Alt-F4 #14 - Exploring the Infinite  20-11-2020

Geschreven door ironic toblerone, bewerkt door Conor_, stringweasel, nanogamer7, Therenas, nicgarner, Firerazer

Inhoudsopgave

This week ironic toblerone takes us on a crazy adventure into space featuring the fantastic Space Exploration mod by Earendel. Suit up and strap in, this is a fun one!

Mod Spotlight: Space Exploration ironic toblerone

Space Exploration is an overhaul mod that takes you on an epic journey through the stars. It’s packed with new challenges, original mechanics, and unique experiences. This is my story.

I launch a rocket to deploy a satellite, allowing me to see the world in satellite view, detached from my body.
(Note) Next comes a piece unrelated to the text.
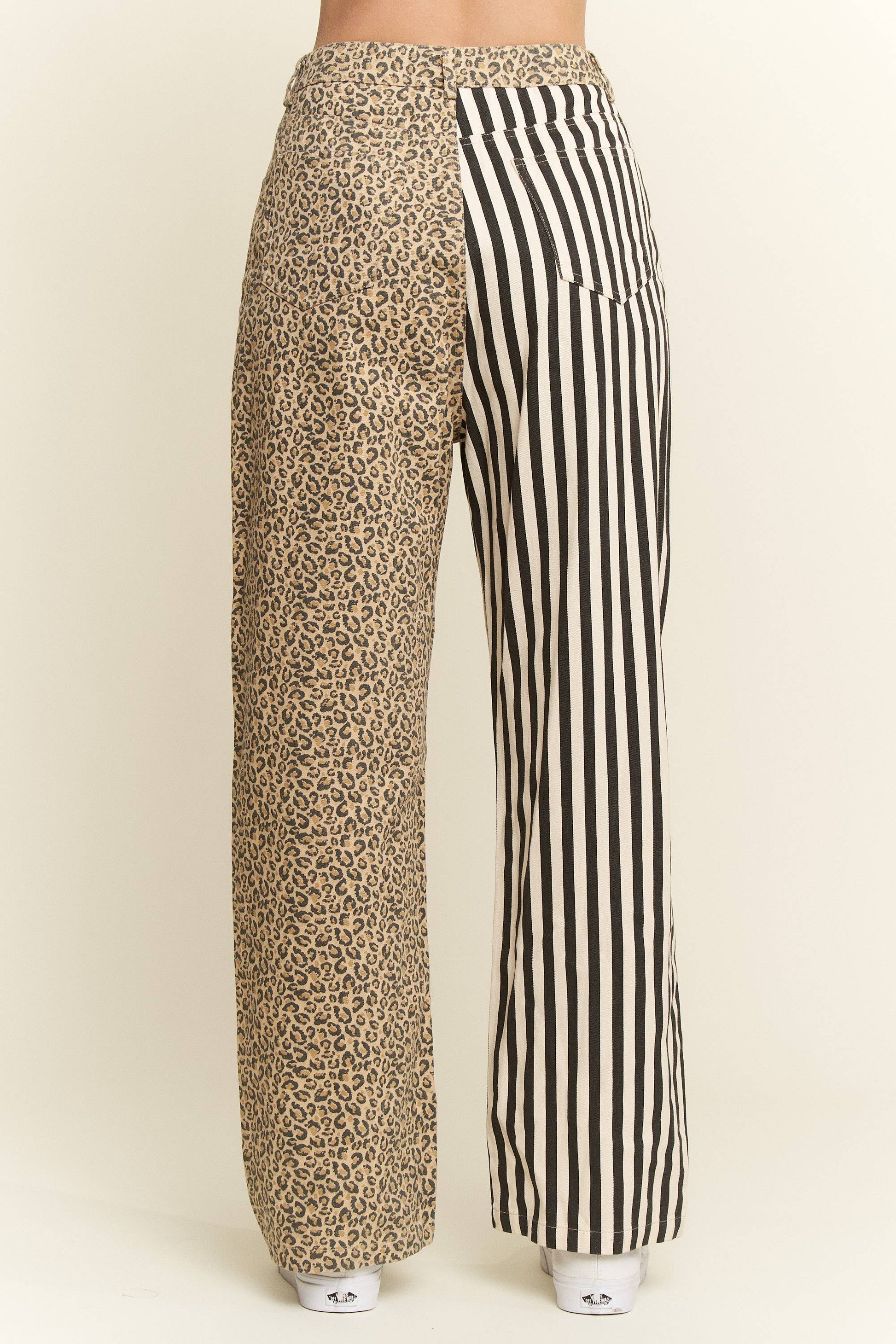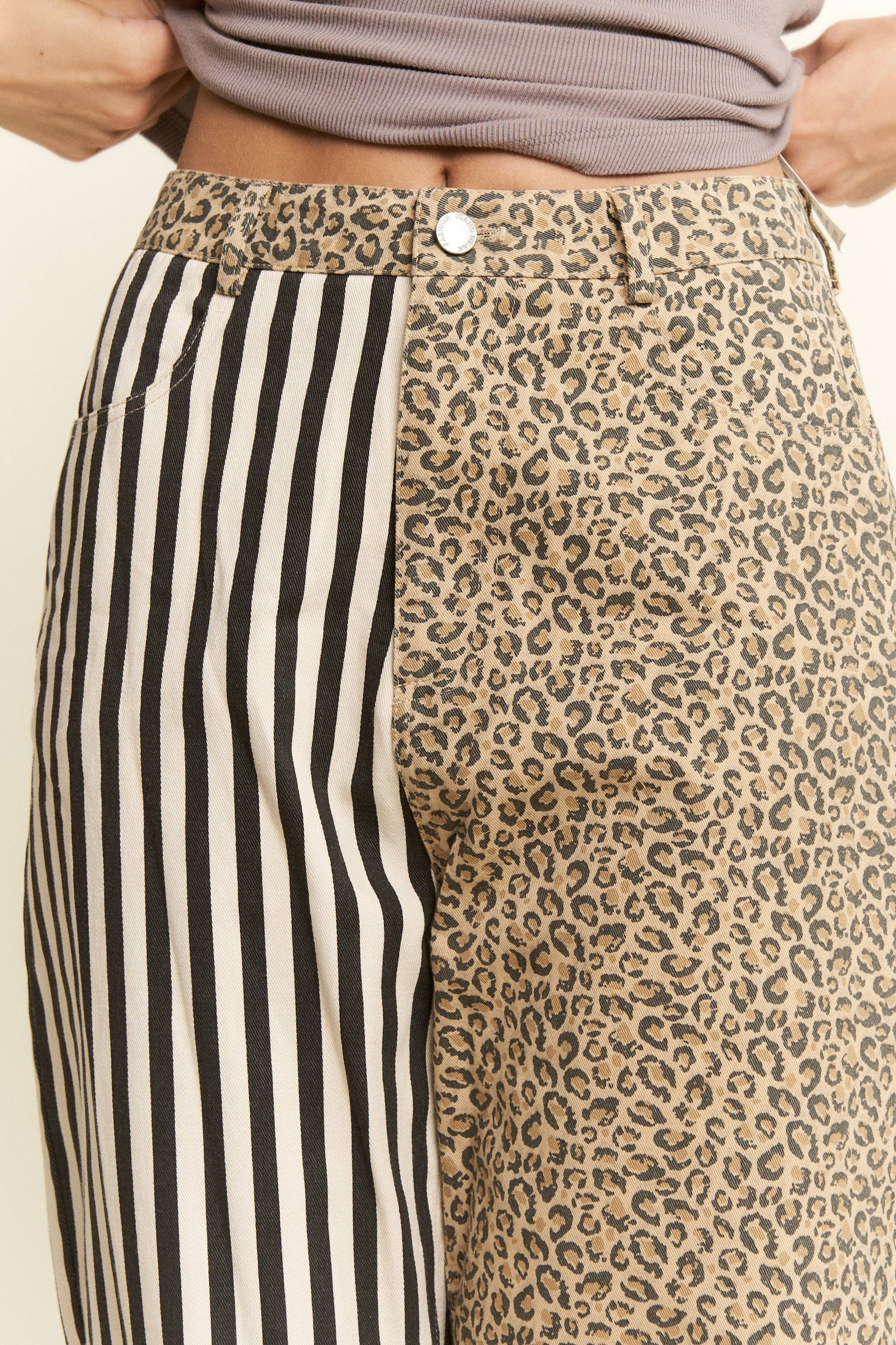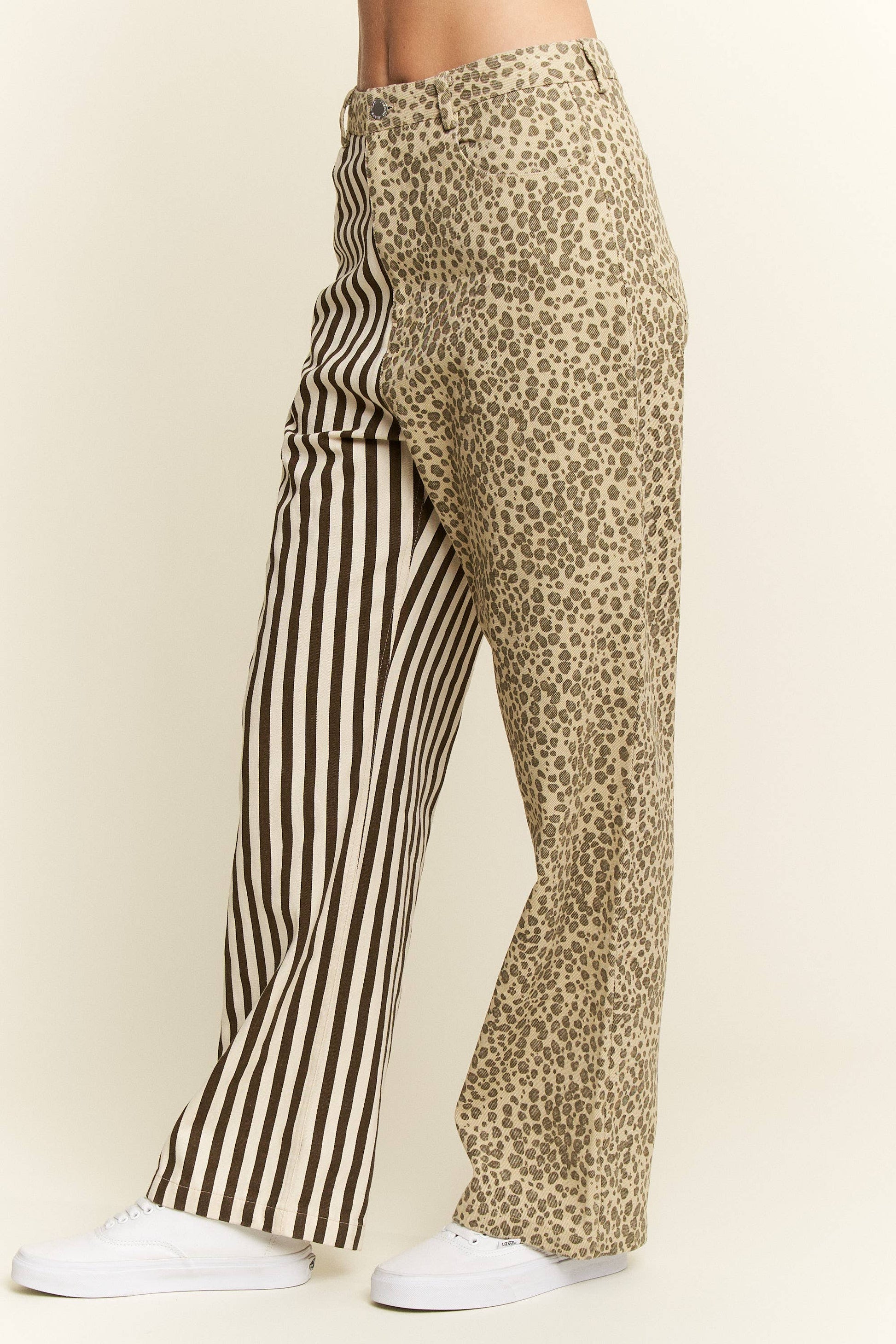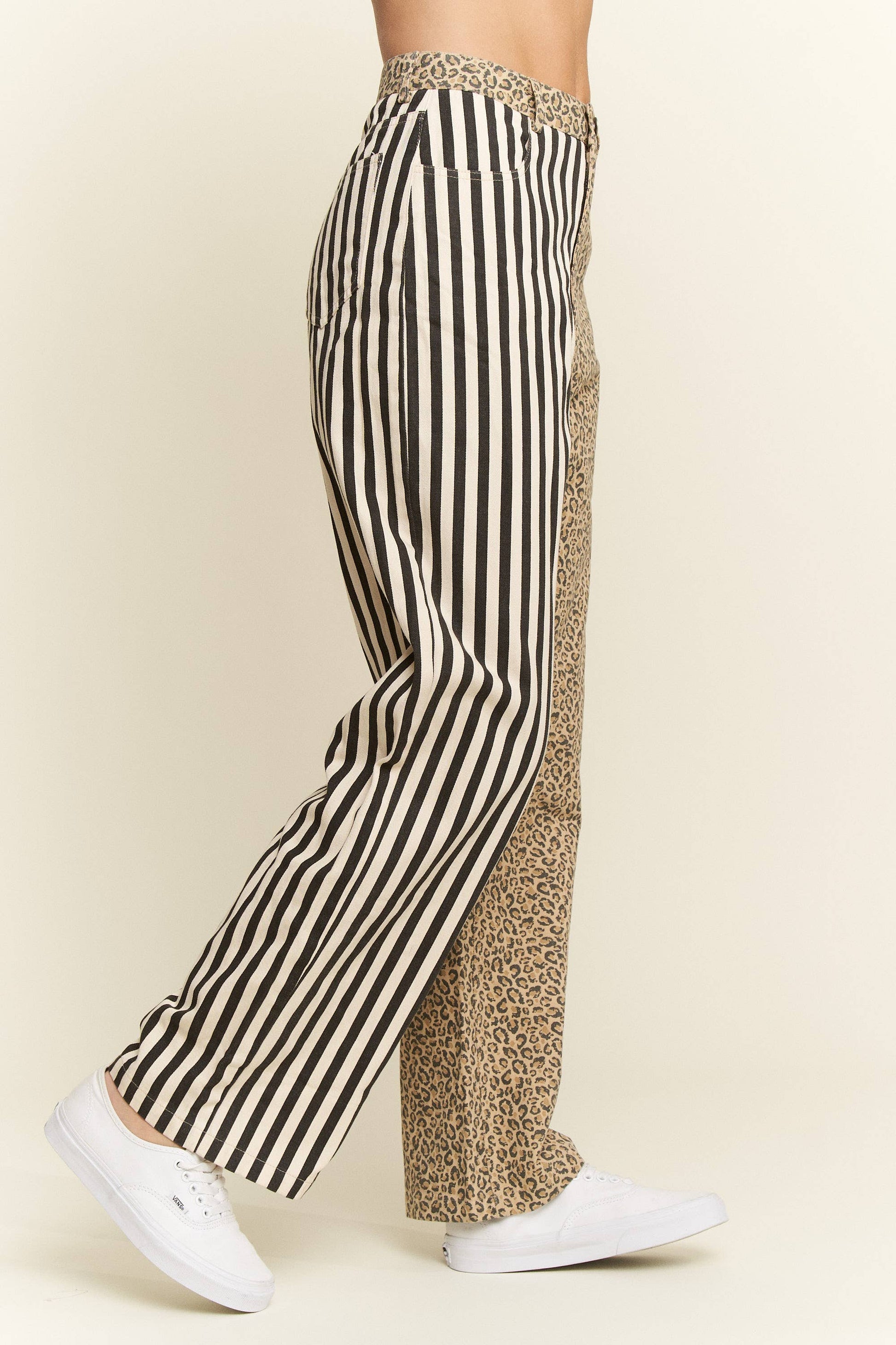 MIX & MATCH LEOPARD-STRIPE PANTS

My quest to find the edge of the planet just got a lot easier and… yup, there’s the edge. Nauvis has a limit.

But what’s this? My satellite also discovered something abandoned in my planet’s orbit. I can look at it with the satellite; it’s some sort of space platform with some treasures I might want. You know what that means: time to go to space in person.
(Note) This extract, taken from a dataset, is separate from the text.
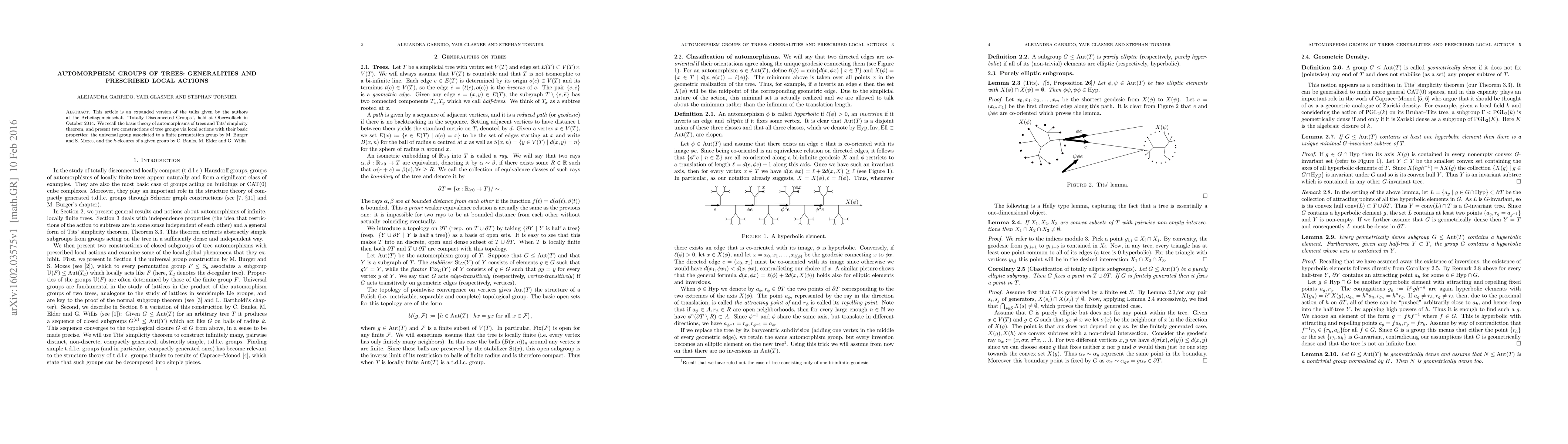 This paper explores the automorphism groups of trees, including two constructions that generalize previous work on tree groups via local actions. It presents key findings on group properties and implications for understanding these groups.

Planet map: My home base. This is my homeworld, the planet I crash-landed on. The planet is huge. Solar system map: My home world. Interstellar map: My star system.

I build up my base and construct a cargo rocket full of materials, jump in and hit launch. Riding the rocket is a rush, and the feeling of floating around in zero-g is magical. The magic is short-lived though; in orbit, you need to bring life support, and without precious O2, I die. I hit respawn. Death is not so bad after all it seems.

Cargo rockets: Ride the rocket to any planet, moon, or place in space with 500 slots of cargo.

After making a new production facility for a thrustersuit and lifesupport canisters I make another attempt. I make it to space and start building my space station, trying not to cry at how expensive scaffolding is. I get to work on the first and simplest of the in-space sciences: rocket science. It’s much more complicated than any of the science packs so far, but much easier than everything to come, as I will realise soon.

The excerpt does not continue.